* Source information
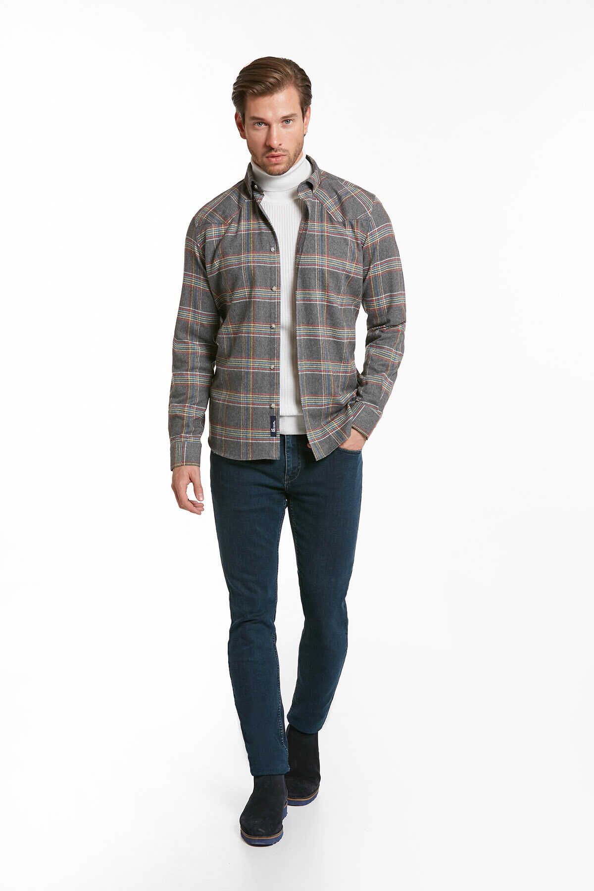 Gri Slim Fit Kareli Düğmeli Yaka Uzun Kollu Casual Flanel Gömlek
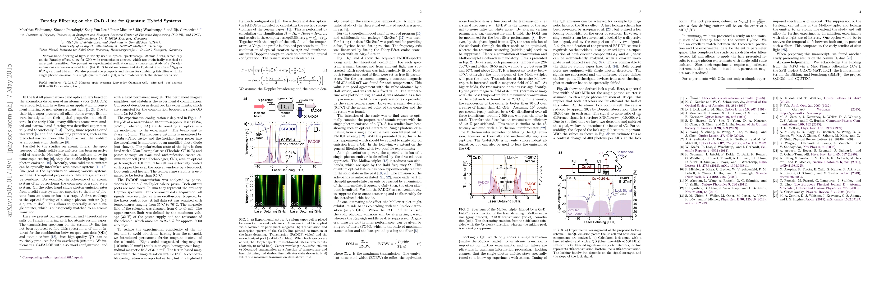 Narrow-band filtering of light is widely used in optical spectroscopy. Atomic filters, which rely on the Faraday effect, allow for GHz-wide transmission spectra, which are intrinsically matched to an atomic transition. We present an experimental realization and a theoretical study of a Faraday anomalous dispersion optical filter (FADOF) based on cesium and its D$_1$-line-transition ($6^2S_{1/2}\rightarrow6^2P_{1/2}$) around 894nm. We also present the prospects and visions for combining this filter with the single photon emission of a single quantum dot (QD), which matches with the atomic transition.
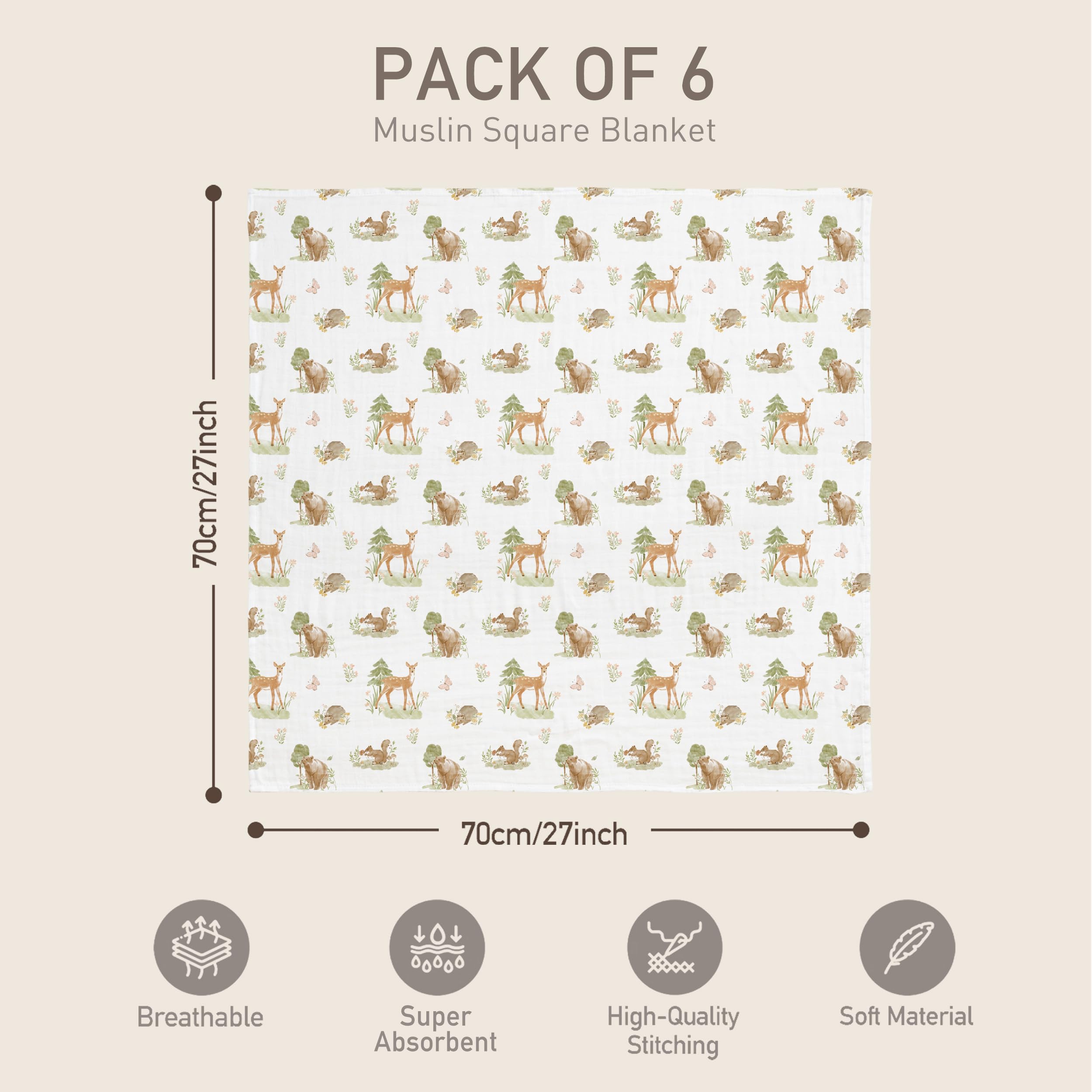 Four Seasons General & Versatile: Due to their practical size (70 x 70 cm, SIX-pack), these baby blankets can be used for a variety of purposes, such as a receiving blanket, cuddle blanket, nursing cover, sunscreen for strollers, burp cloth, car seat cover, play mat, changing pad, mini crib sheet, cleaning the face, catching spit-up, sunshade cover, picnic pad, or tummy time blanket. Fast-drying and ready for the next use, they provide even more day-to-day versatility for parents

...

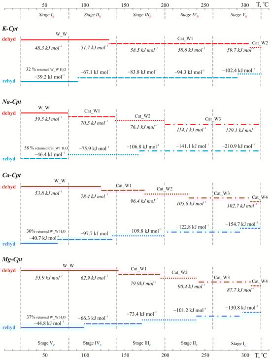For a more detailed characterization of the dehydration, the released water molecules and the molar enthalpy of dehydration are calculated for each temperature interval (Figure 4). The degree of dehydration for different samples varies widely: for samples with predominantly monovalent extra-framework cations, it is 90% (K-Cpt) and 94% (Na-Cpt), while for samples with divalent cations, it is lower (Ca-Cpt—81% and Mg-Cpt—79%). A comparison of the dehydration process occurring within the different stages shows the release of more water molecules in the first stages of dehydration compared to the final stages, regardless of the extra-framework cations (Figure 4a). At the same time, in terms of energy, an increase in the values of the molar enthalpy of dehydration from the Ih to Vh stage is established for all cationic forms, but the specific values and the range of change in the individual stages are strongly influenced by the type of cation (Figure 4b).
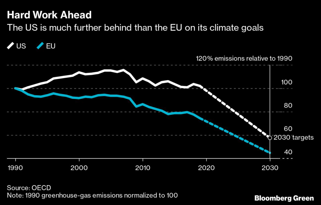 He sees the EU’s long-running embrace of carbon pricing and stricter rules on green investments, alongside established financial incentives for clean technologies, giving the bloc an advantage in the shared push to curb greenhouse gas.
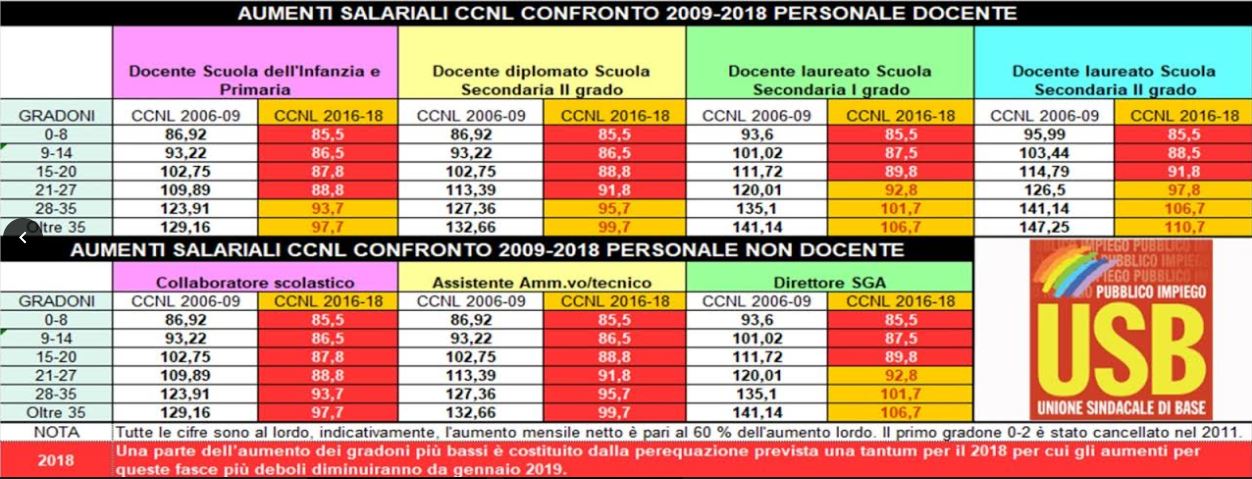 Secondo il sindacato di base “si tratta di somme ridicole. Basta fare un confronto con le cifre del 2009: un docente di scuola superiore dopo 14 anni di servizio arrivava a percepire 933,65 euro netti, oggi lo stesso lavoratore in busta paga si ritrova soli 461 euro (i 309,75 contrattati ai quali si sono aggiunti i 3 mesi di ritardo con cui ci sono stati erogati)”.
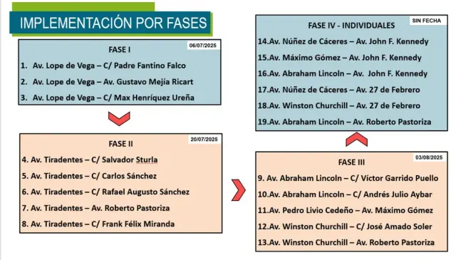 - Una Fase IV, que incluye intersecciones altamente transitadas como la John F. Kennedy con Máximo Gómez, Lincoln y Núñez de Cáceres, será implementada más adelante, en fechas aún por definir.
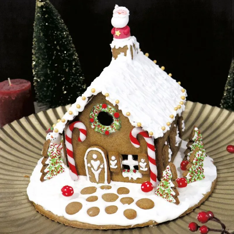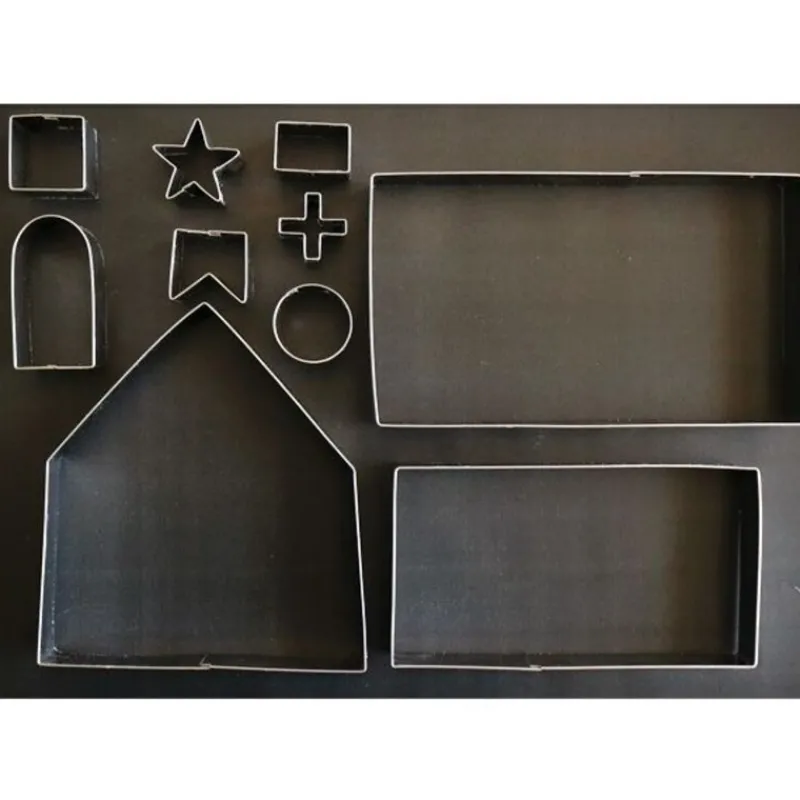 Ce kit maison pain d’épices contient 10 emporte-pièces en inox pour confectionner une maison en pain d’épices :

* Task goal
Find the line with "- Una Fase IV, que" in the entries above. Set down exactly every line from it up to and including the line with "Ce kit maison", images excluded.

* Answer below
 - Una Fase IV, que incluye intersecciones altamente transitadas como la John F. Kennedy con Máximo Gómez, Lincoln y Núñez de Cáceres, será implementada más adelante, en fechas aún por definir.
 Ce kit maison pain d’épices contient 10 emporte-pièces en inox pour confectionner une maison en pain d’épices :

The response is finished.